[SUPPLIED INFORMATION Boundary: Start]

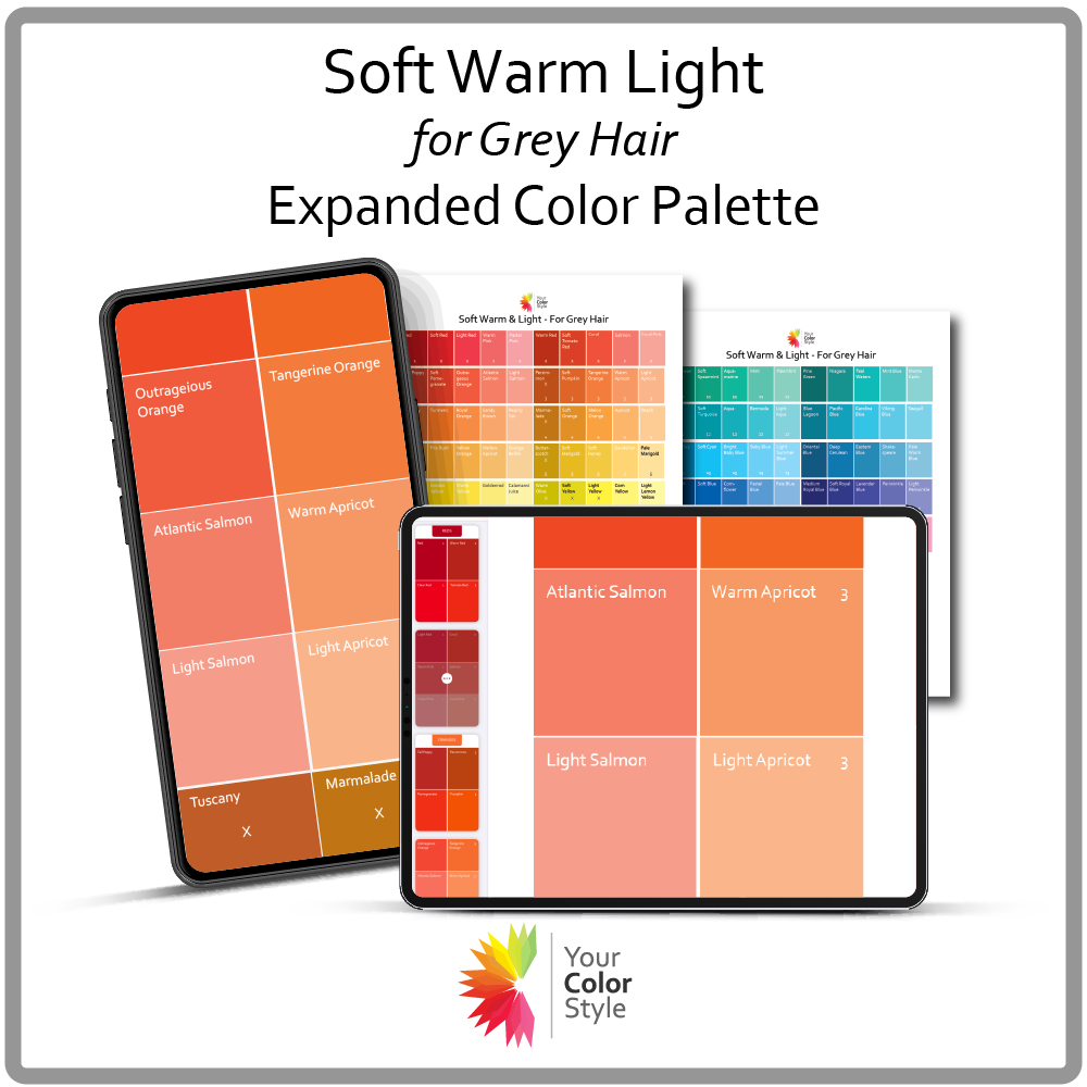 Your expanded digital color palette will show you your complete expanded soft warm light color palette with X's on the colors you may want to avoid. These are colors that may not feel right with your cool gray hair. The Great With Gray ebook is a fantastic resource to learn why certain colors may not feel right and to identify the colors that do flatter your hair.
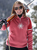 Knitted detailing and flatlock seams gets you noticed before, during and after skiing.
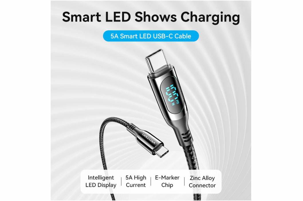 Vention Kabel Charger LED USB Type C Fast Charging Android Apple TAY
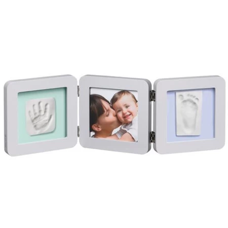 Baby Art : joli cadre décoratif 3 volets incluant une photo et deux empreintes précises de la main et du pied de bébé, permet de creér avec votre enfant un souvenir personnalisé qui restera pour toujours un moment unique.
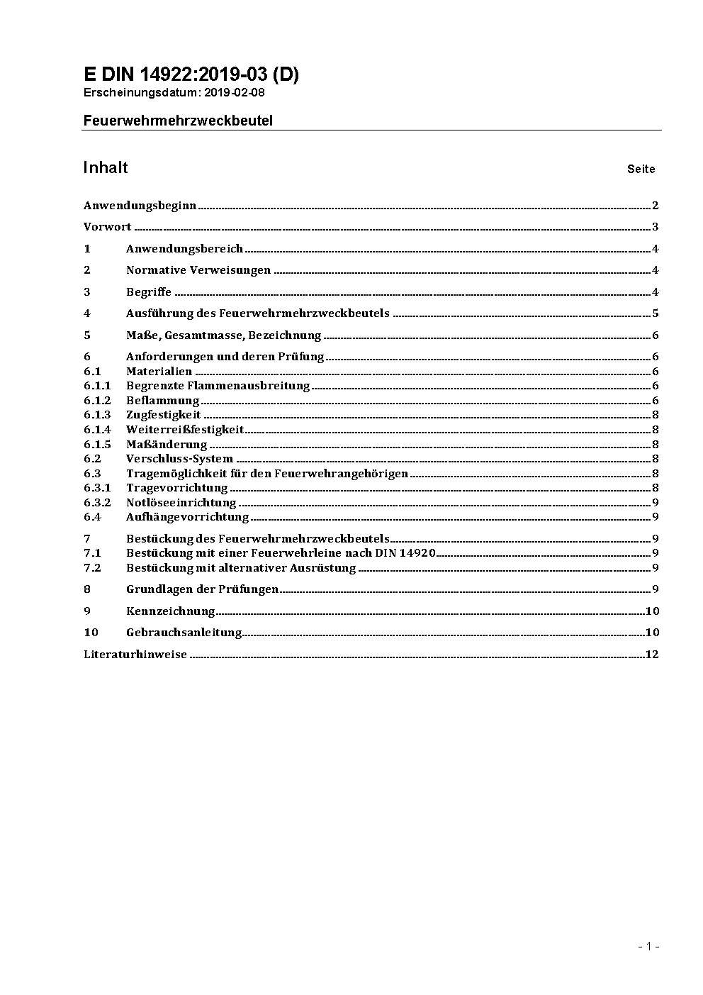 Feuerwehrmehrzweckbeutel / Achtung: Übergangsfrist, festgelegt durch DIN 14922 (2020-02), bis 2020-07-31 beachten.
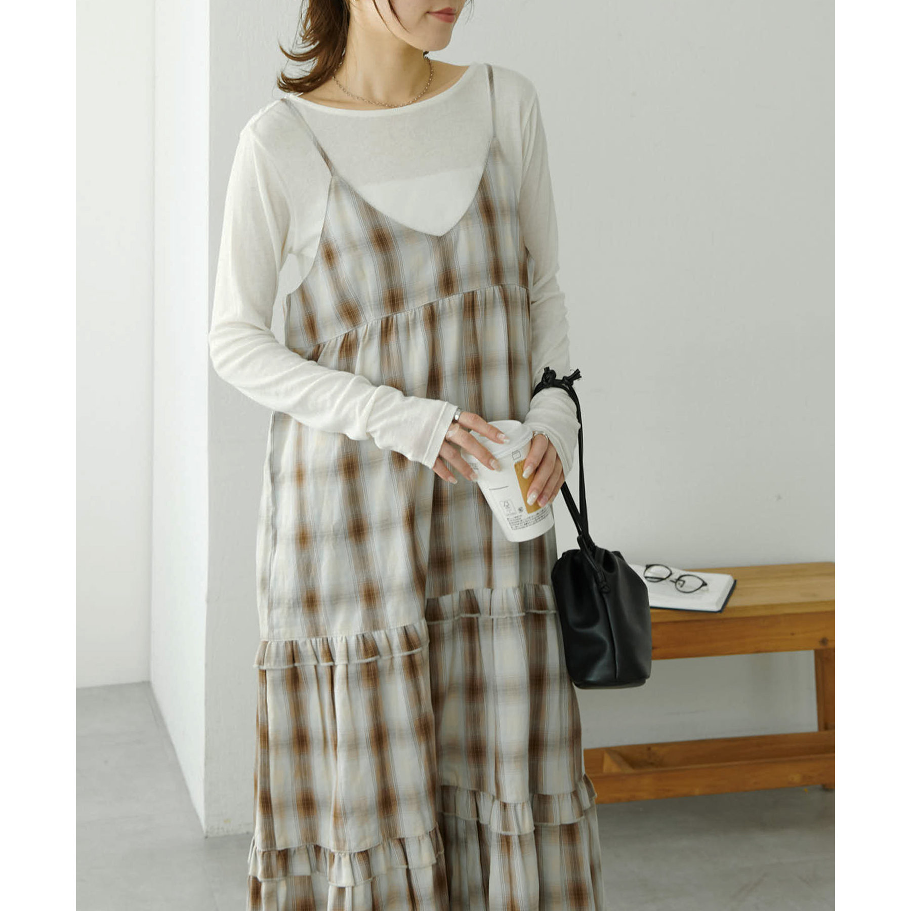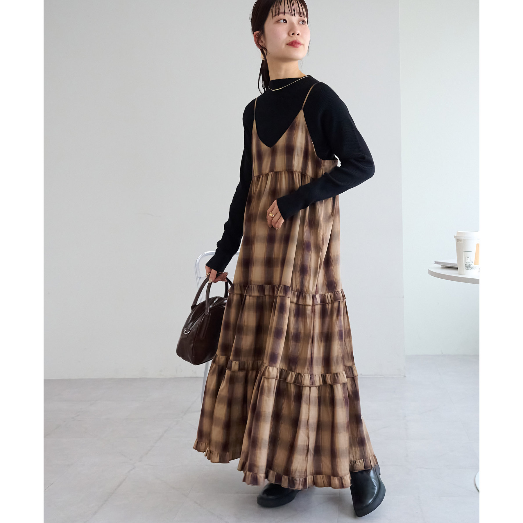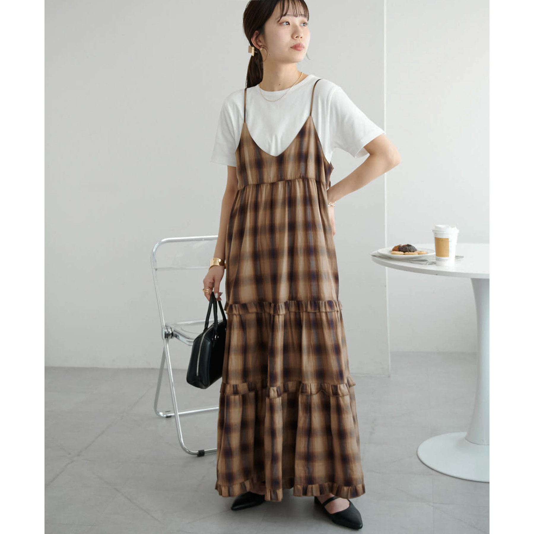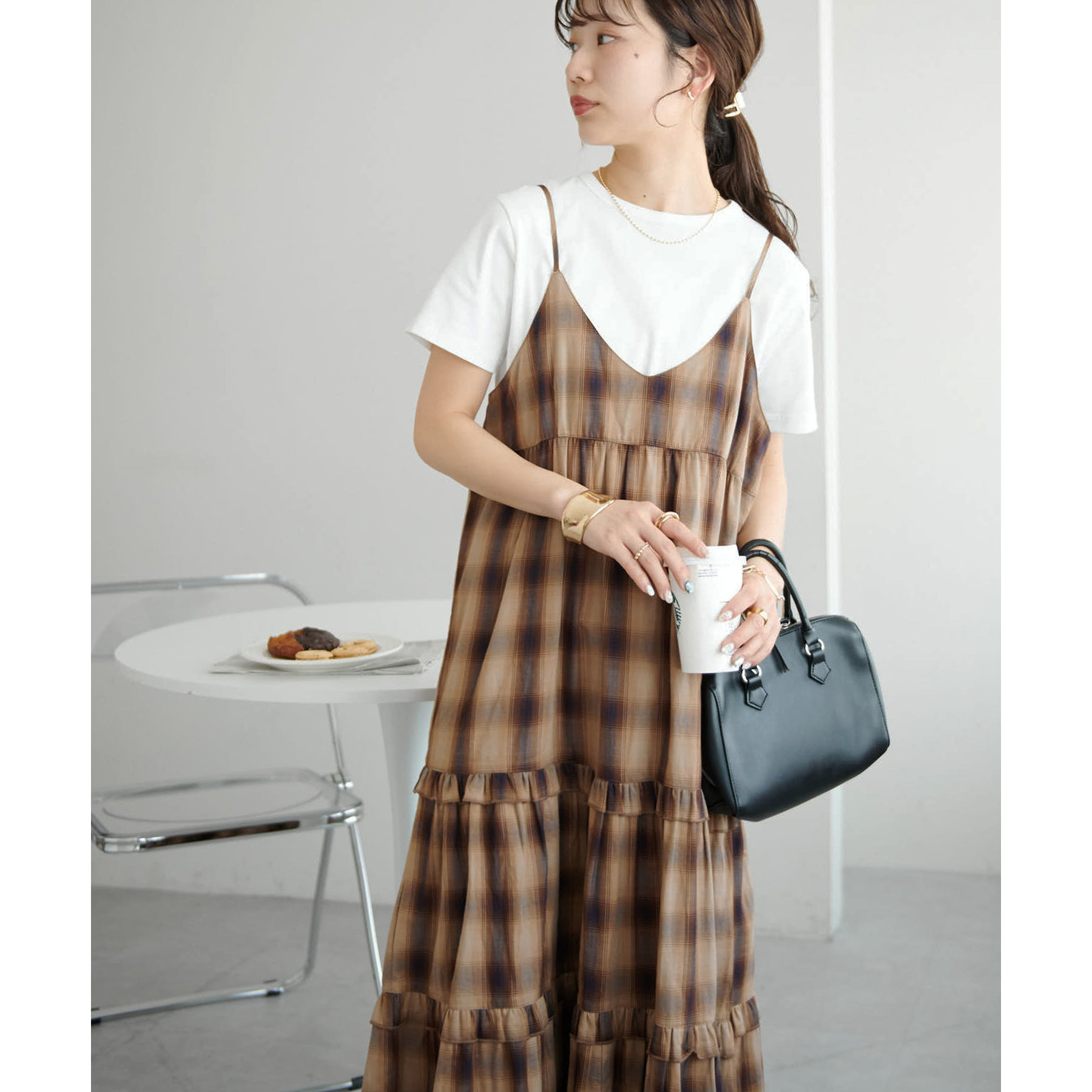 155cmスタッフ:大判柄のチェック柄なので、子供っぽく見えにくいワンピースだと思います!

[SUPPLIED INFORMATION Boundary: End]

- EXERCISE PROMPT -
Only the lines from the one with "Knitted detailing and" through the final line of the data should be written out, exactly and including both ends. Skip the pictures.

- TASK RESPONSE -
 Knitted detailing and flatlock seams gets you noticed before, during and after skiing.
 Vention Kabel Charger LED USB Type C Fast Charging Android Apple TAY
 Baby Art : joli cadre décoratif 3 volets incluant une photo et deux empreintes précises de la main et du pied de bébé, permet de creér avec votre enfant un souvenir personnalisé qui restera pour toujours un moment unique.
 Feuerwehrmehrzweckbeutel / Achtung: Übergangsfrist, festgelegt durch DIN 14922 (2020-02), bis 2020-07-31 beachten.
 155cmスタッフ:大判柄のチェック柄なので、子供っぽく見えにくいワンピースだと思います!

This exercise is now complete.